▸ **Material shown**
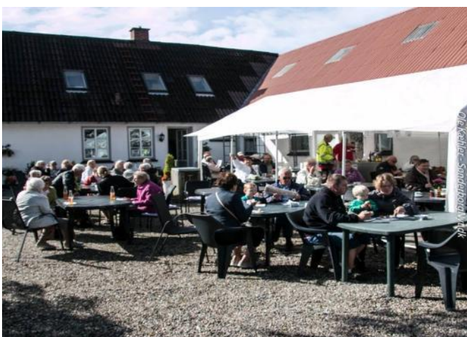
Der hygges på gårdspladsen
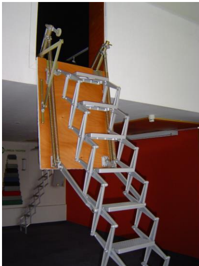
9) Scherentreppe fest am Boden aufsetzen...

8) remove operating pole, pull down concertina stair by hand
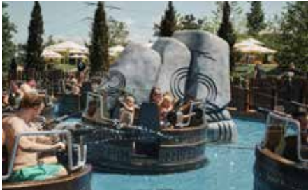
Das gibt's nur in Rulantica: Im Tønnevirvel heißt es „Ab in die Boote... fertig... nass“!

Vibes“ ein entspannter Sommerabend vor der spektakulären Kulisse der Outdoor-Rutschenwelt „Svalgurok“ verbringen: ideal für all diejenigen, die sich nach einem sommerlich-gechillten Abend mit entspannenden Sounds und coolen Drinks sehnen. Den entspannten Übergang vom Sommer zum Herbst bildet die Skandinavische Saunawoche vom 19. bis 28. September. Wasserspaß zu jeder Jahreszeit Auch im Indoor-Bereich der Wasserwelt ist Action angesagt. Bei „Dugdrob“ und „Vildfål“ geht es im freien Fall durch Rangnakor. Dabei ist der Adrenalinkick garantiert. Für weiteren Wasserspaß sorgt „Vikingsløp“, die größte Speed-Rutsche Europas. In acht Röhren auf insgesamt mehr als 1.500 Metern Länge rutschen die Gäste dabei auf Matten liegend um die Wette. Gäste, die ihre Zeit eher gemütlich verbringen möchten, können sich in „Snorri's Saga“ auf einem 250 Meter langen Lazy River auf Reifen
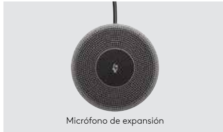
Micrófono de expansión
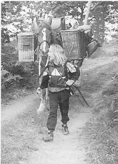
Phönix am langen Zügel.

Als wir den Kindern mitteilen, dass das Trekking zu Ende sei, gab's einerseits Erleichterung, andererseits Tränen – der Abschied von den Tieren fällt schwer. Es sind da wirkliche Beziehungen entstanden. Anderthalbstündiger Abstieg, dann langes Warten, bis alle Menschen und Tiere mit dem Transporter auf Kurts Hof verfrachtet worden sind. Auf einer ne-
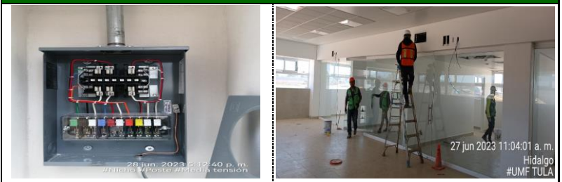
colocacion de la base para medicion en nicho
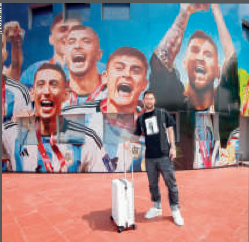
Lionel Messi cuando ingresa a la concentración de la selección argentina en Ezeiza.

El capitán del seleccionado argentino, Lionel Messi, llegó al país para afrontar la última doble fecha del año de las Eliminatorias Sudamericanas del Mundial 2026 que incluye los clásicos ante Uruguay y Brasil.
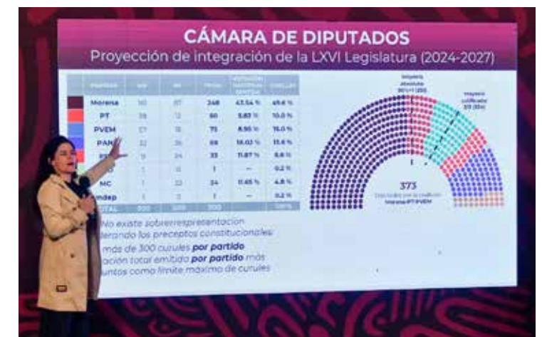
La Secretaría de Gobernación presiona al INE.
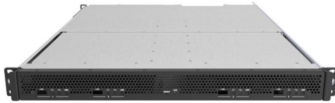
Edgeline 4000 Chassis
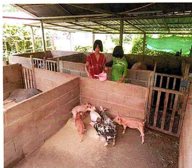
ภาพที่ ๔ กิจกรรมให้อาหารหมู
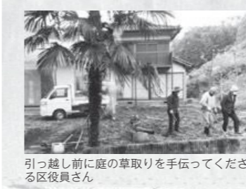
引越す前に庭の草取りを手伝ってくださる区役員さん

知県に生まれ育ち、京都に住んで15年、宇治田原に住んで12年、ここ湯屋谷では、3度目の夏を迎えました。4年と少し前に、ご縁があつて「やんたん未来プラン」に関わることになりました。湯屋谷がどこにあるかも分かっていないような状態ではありましたが、希望に胸膨らませてお邪魔したのを覚えています。
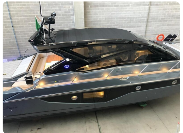
Cranchi 60 ST Hard Top View.jpg
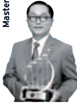
박현주 미래에셋 회장 Hyeon Joo Park Chairman of Mirae Asset
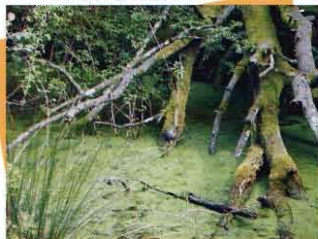
Testuggine palustre nel Delta del Po

acqua che possono fungere da punti di termoregolazione e la presenza di scarsa vegetazione galleggiante.
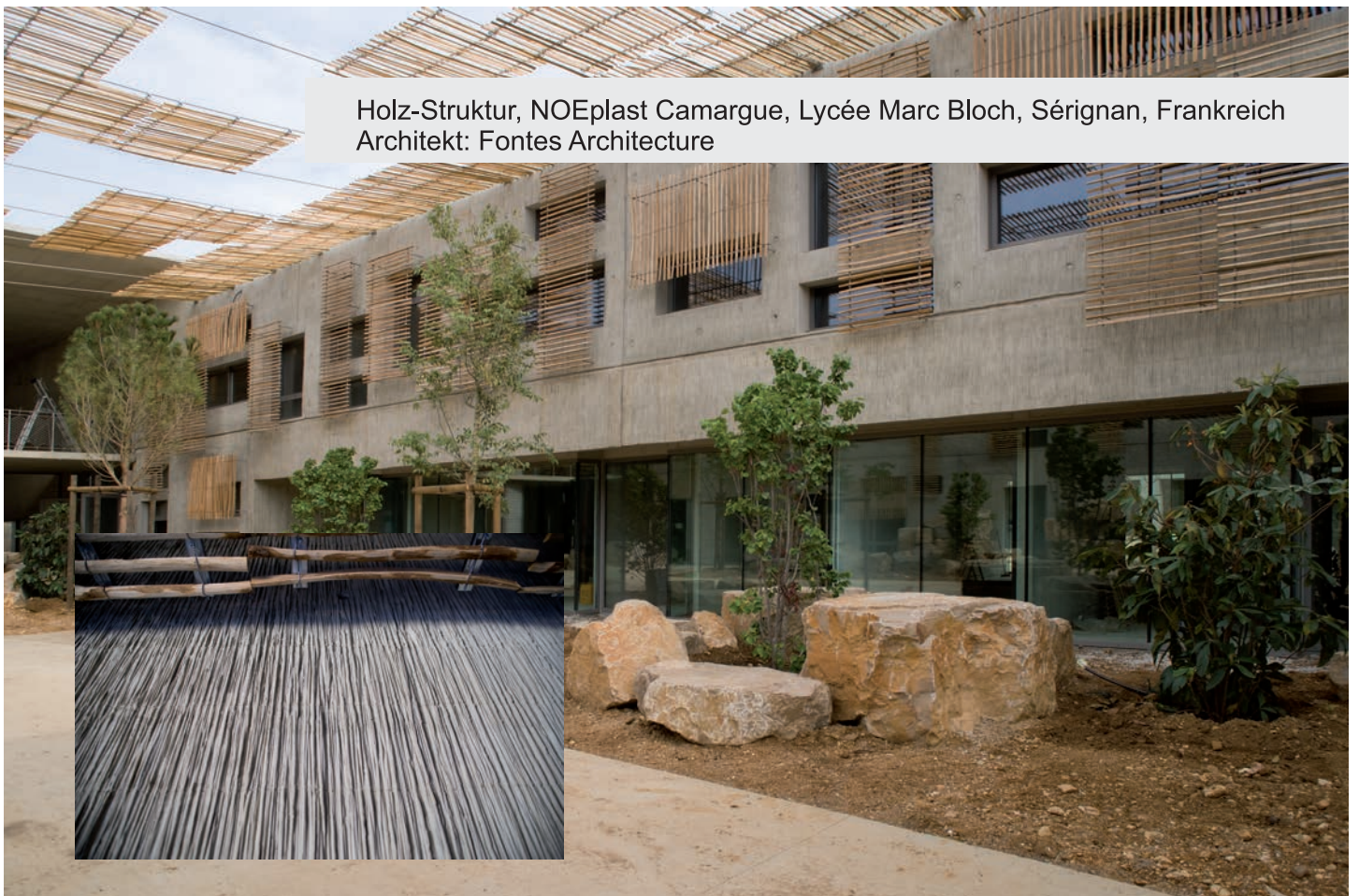
Holz-Struktur, NOEplast Camargue, Lycée Marc Bloch, Sérignan, Frankreich Architekt: Fontes Architecture
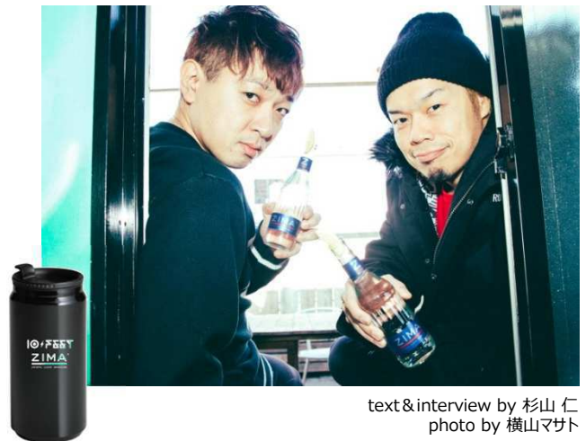
text&interview by 杉山 仁
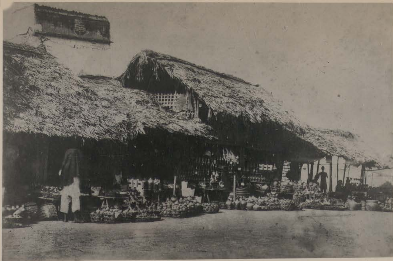
HANOI, 1883.- Rue de la Poterie.
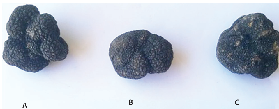
SLIKA 1. Crni ljetni tartufi pronađeni na lokacijama Maslenica (A), Žegar (B) i Rovanjaska (C)

In Figure 2 the agarose gel with the amplification results of the DNA of our samples is shown. The amplicon size (800 bp) obtained with the species-specific primers of T. aestivum (GRYNDLER ET AL., 2014) demonstrating that three collected fruiting bodies belong to that species.
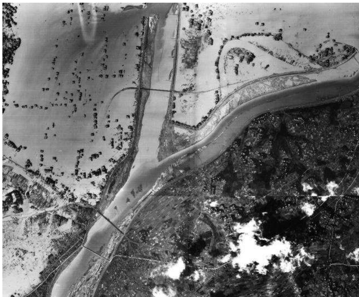
カスリーン台風の爪痕 決壊箇所周辺の空中写真
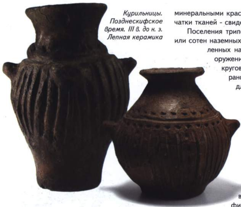
Курильницы. Позднекифское время. III в. до н. э. Лепная керамика

минеральными красками. На дне некоторых сосудов сохранились отпечатки тканей - свидетельство развития ткачества.
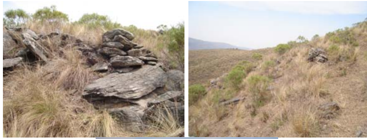
Detalle de un muro
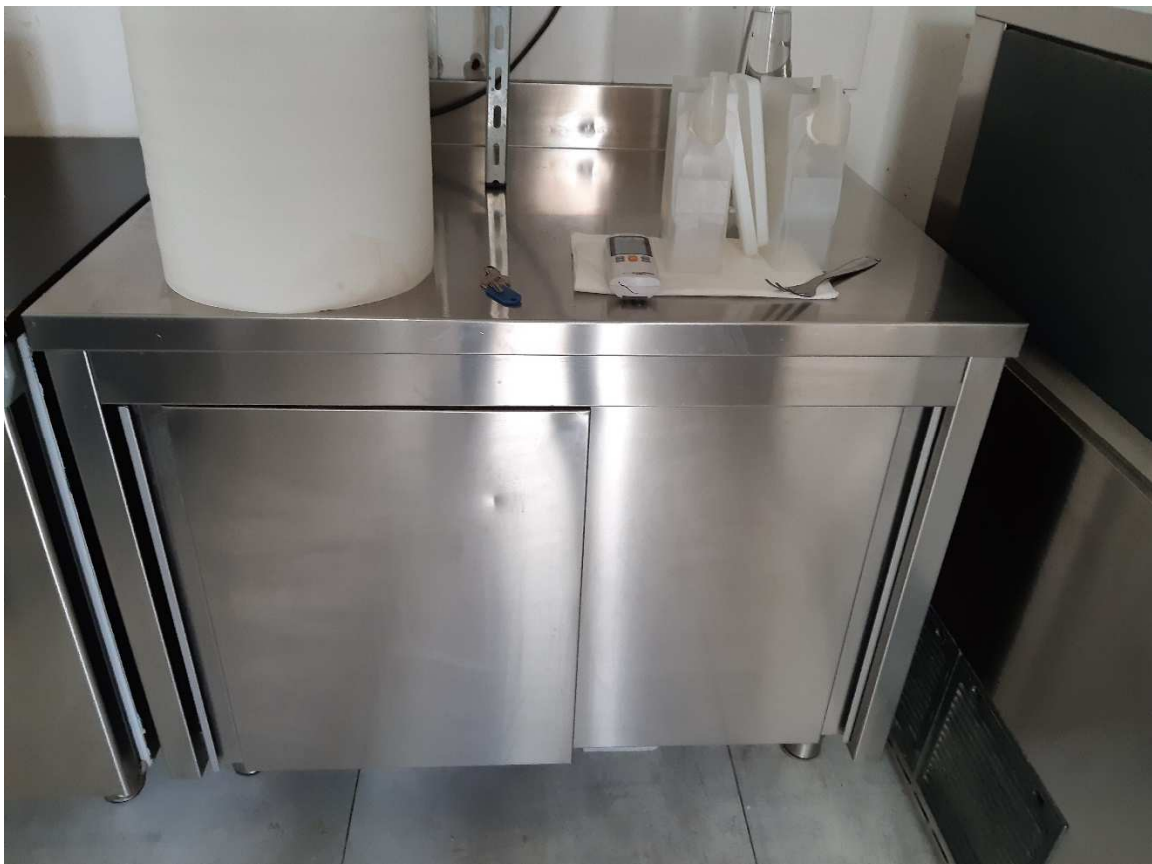
MOBILE IN ACCIAIO DUE ANTE SCORREVOLI
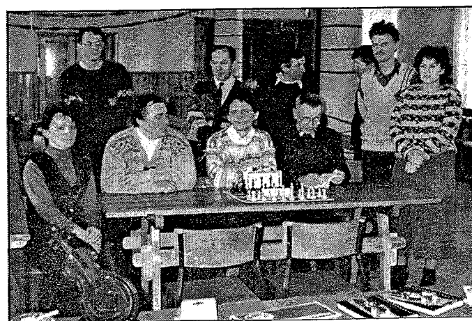
N/z Uczestnicy Turnieju Szachowego
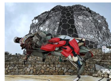
淀川テクニク 《六甲山ムツコ グリボウ グリグリボウ》

アーティスト名：淀川テクニク（よどがわてくにつく） 作品名：六甲山ムツコ グリボウ グリグリボウ （ろっこうさんむつこ ぐりぼう ぐりぐりぼう） 展示会場名：六甲ガーデンテラスエリア
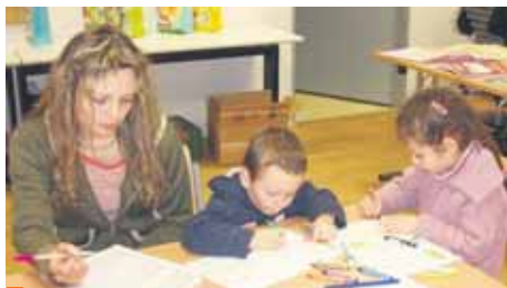
Hlavní přednosti Základní školy Eliáš? Nízký počet dětí ve třídách, kvalitní pedagogové, moderní zázení, sportoviště, ale i výchova k tradičním hodnotám a křesťanství.

Pane řediteli, jak je možné, že například v Americe všichni špičkoví vědci věří v Boha a ve stvoření světa a zároveň chápou a přebírají poznatky moderní vědy?

▸ **Assigned task**
Among the lines above, count those containing "langen", and give only the number.

▸ **Exercise output**
2